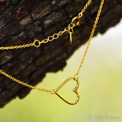 This beautiful brand new bracelet is genuine .925 sterling silver chain bracelet plated in genuine 14 Karat yellow gold with a spring ring closure. This 7 inch bracelet features an additional 1 inch extension chain and a sideways heart measuring approximately 14.5 millimeters. Sure to be noticed and admired whenever it is worn, this beautiful bracelet makes a wonderful gift to show your love for that special someone!
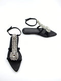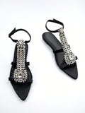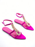 Women's Chic Rhinestone Party Flat Sandals with Chain Buckle Decoration
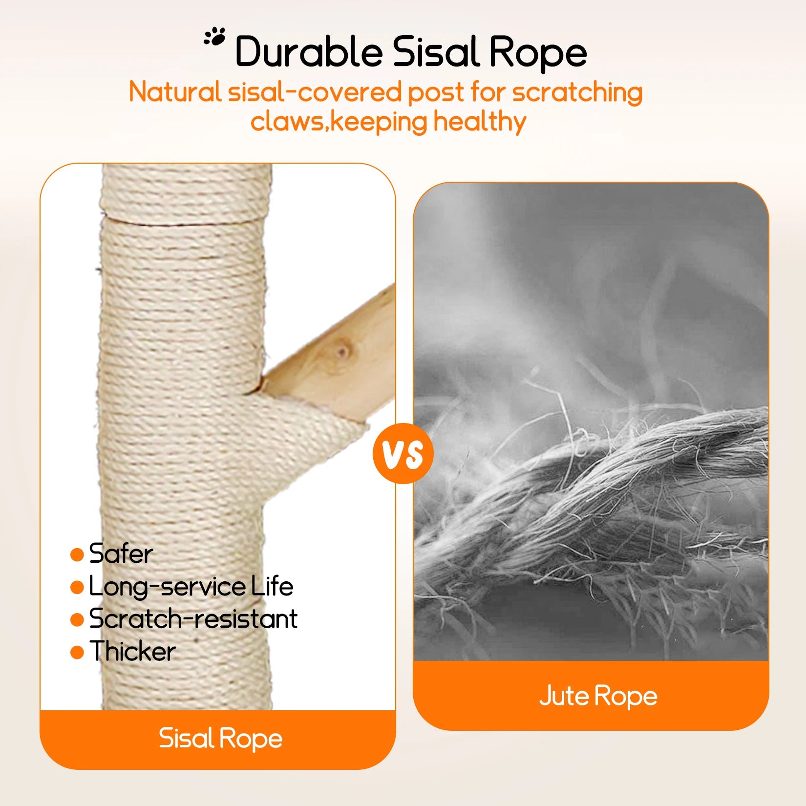 Natural willow post covered in sisal rope for scratching claws, saves your furniture.
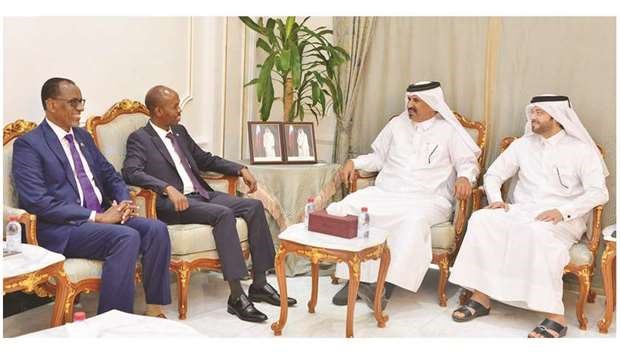Qatar Chamber first vice chairman Mohamed bin Towar al-Kuwari receives Somalia’s Minister of Labour and Social Affairs Sadik Warfa and Somalian ambassador Abdul Razak Farah Ali during a meeting in Doha yesterday.
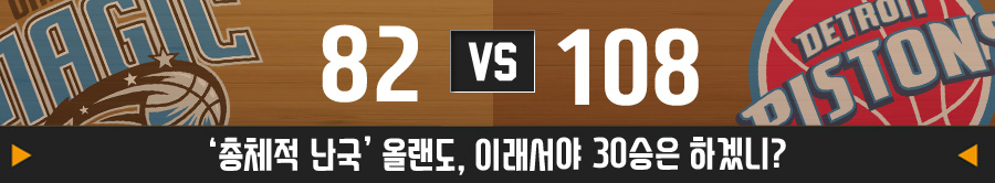 디트로이트 피스톤스가 시즌 첫 승을 신고했다. 뛰어난 빅맨들이 즐비한 올랜도 매직을 상대로 인사이드 우위를 점한 것이 주요 승인이었다. 안드레 드러먼드는 무려 20개의 리바운드를 걷어내는 괴력을 발휘했다.
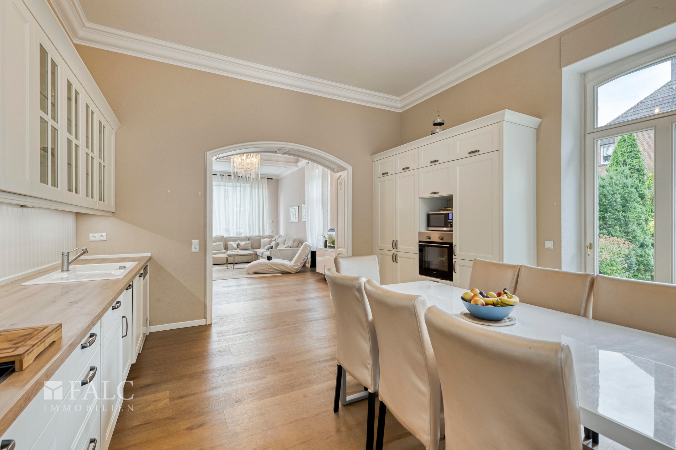 Beim Betreten dieses großzügigen Hauses mit einer Wohnfläche von ca. 364 m² werden Sie von einem einladenden Flur empfangen, der direkt in den offenen Wohn- und Essbereich führt. Dieser Raum bietet reichlich Platz für gesellige Abende und ist mit großen Fenstern ausgestattet, die viel Tageslicht hereinlassen. Die angrenzende Küche ist modern gestaltet und bietet ausreichend Arbeitsfläche für kulinarische Kreationen.
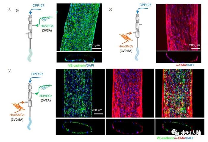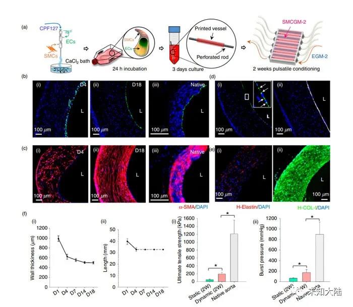 内皮细胞和平滑肌组织的定位对于移植物起作用至关重要。正如论文作者所解释的,他们指出:“要生产具有正常血管功能的移植物,必须实现两种关键成分的重建,即:(1)融合的静态内皮细胞具有非血栓形成界面,可抑制血栓形成,和( 2)收缩性平滑肌组织可以承受血流动力学压力,表现出生理顺应性,并通过收缩和放松适应局部血压的变化。”
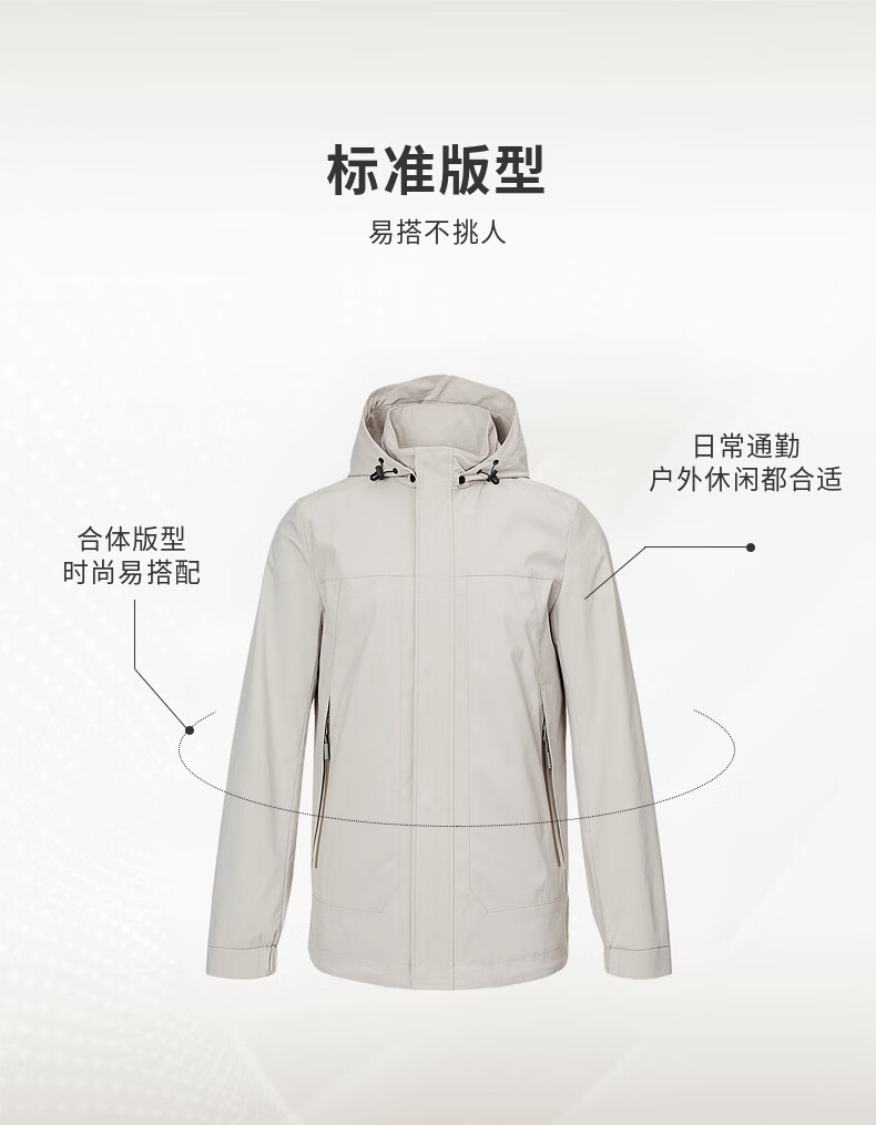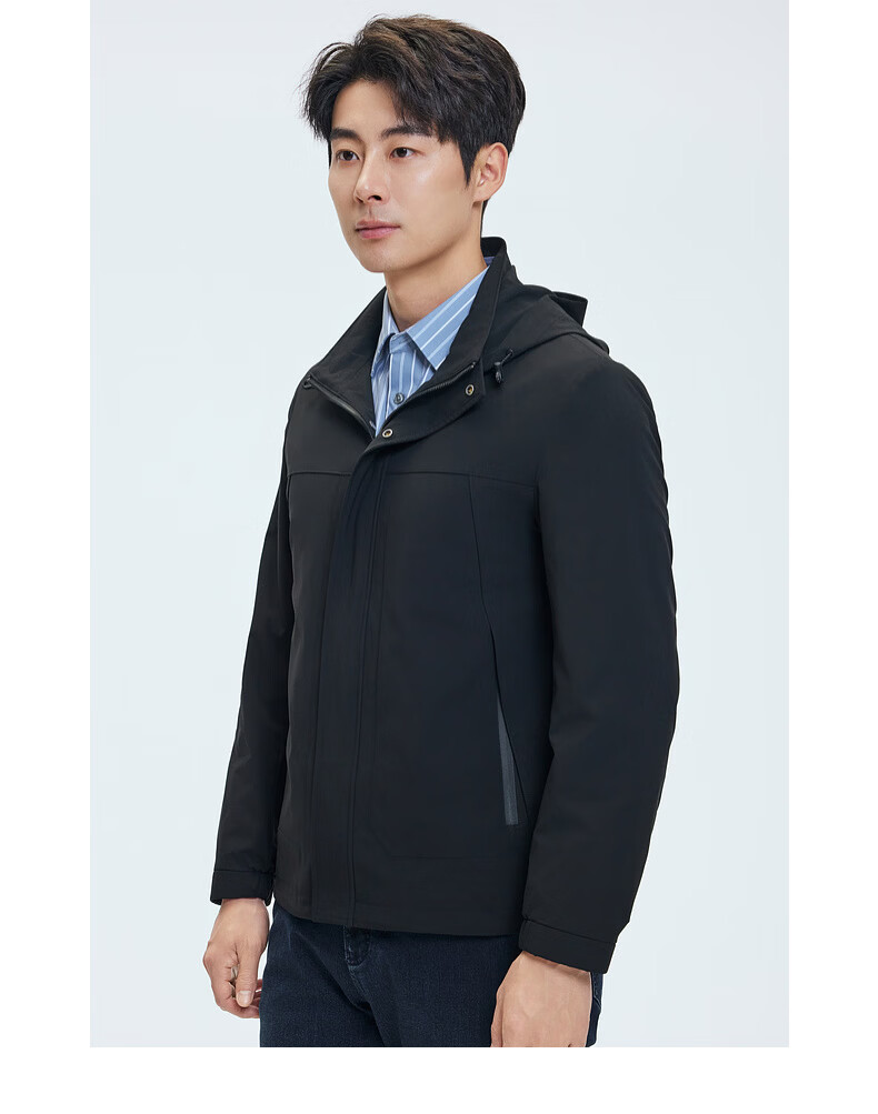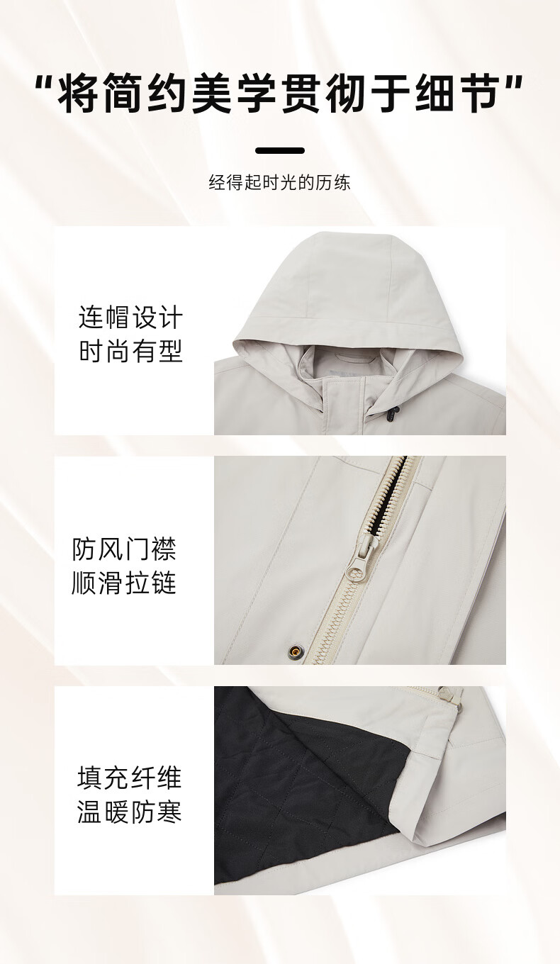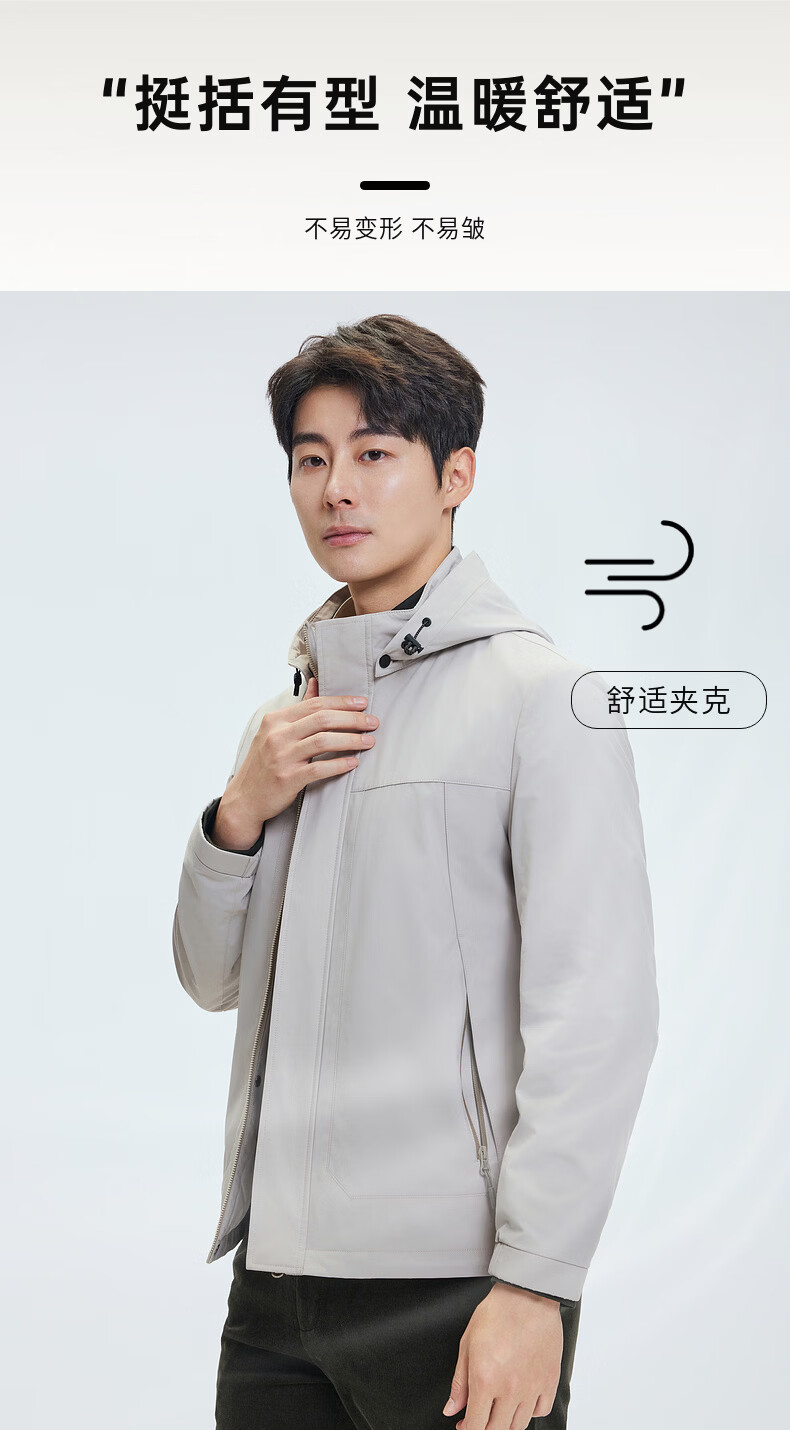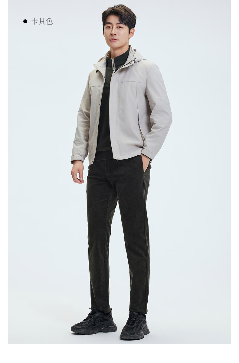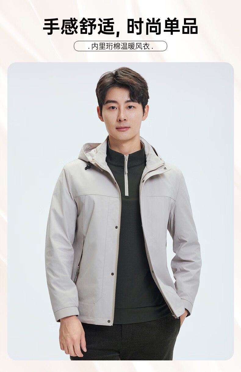 圣得西【门店同款】2025年冬季男款风衣连帽拉链保暖标准版型外套 卡其色 L (170/88A)

--- Exercise instructions ---
Please transcribe each line above exactly, but leave the images out.

--- Your response ---
 This beautiful brand new bracelet is genuine .925 sterling silver chain bracelet plated in genuine 14 Karat yellow gold with a spring ring closure. This 7 inch bracelet features an additional 1 inch extension chain and a sideways heart measuring approximately 14.5 millimeters. Sure to be noticed and admired whenever it is worn, this beautiful bracelet makes a wonderful gift to show your love for that special someone!
 Women's Chic Rhinestone Party Flat Sandals with Chain Buckle Decoration
 Natural willow post covered in sisal rope for scratching claws, saves your furniture.
Qatar Chamber first vice chairman Mohamed bin Towar al-Kuwari receives Somalia’s Minister of Labour and Social Affairs Sadik Warfa and Somalian ambassador Abdul Razak Farah Ali during a meeting in Doha yesterday.
 디트로이트 피스톤스가 시즌 첫 승을 신고했다. 뛰어난 빅맨들이 즐비한 올랜도 매직을 상대로 인사이드 우위를 점한 것이 주요 승인이었다. 안드레 드러먼드는 무려 20개의 리바운드를 걷어내는 괴력을 발휘했다.
 Beim Betreten dieses großzügigen Hauses mit einer Wohnfläche von ca. 364 m² werden Sie von einem einladenden Flur empfangen, der direkt in den offenen Wohn- und Essbereich führt. Dieser Raum bietet reichlich Platz für gesellige Abende und ist mit großen Fenstern ausgestattet, die viel Tageslicht hereinlassen. Die angrenzende Küche ist modern gestaltet und bietet ausreichend Arbeitsfläche für kulinarische Kreationen.
 内皮细胞和平滑肌组织的定位对于移植物起作用至关重要。正如论文作者所解释的,他们指出:“要生产具有正常血管功能的移植物,必须实现两种关键成分的重建,即:(1)融合的静态内皮细胞具有非血栓形成界面,可抑制血栓形成,和( 2)收缩性平滑肌组织可以承受血流动力学压力,表现出生理顺应性,并通过收缩和放松适应局部血压的变化。”
 圣得西【门店同款】2025年冬季男款风衣连帽拉链保暖标准版型外套 卡其色 L (170/88A)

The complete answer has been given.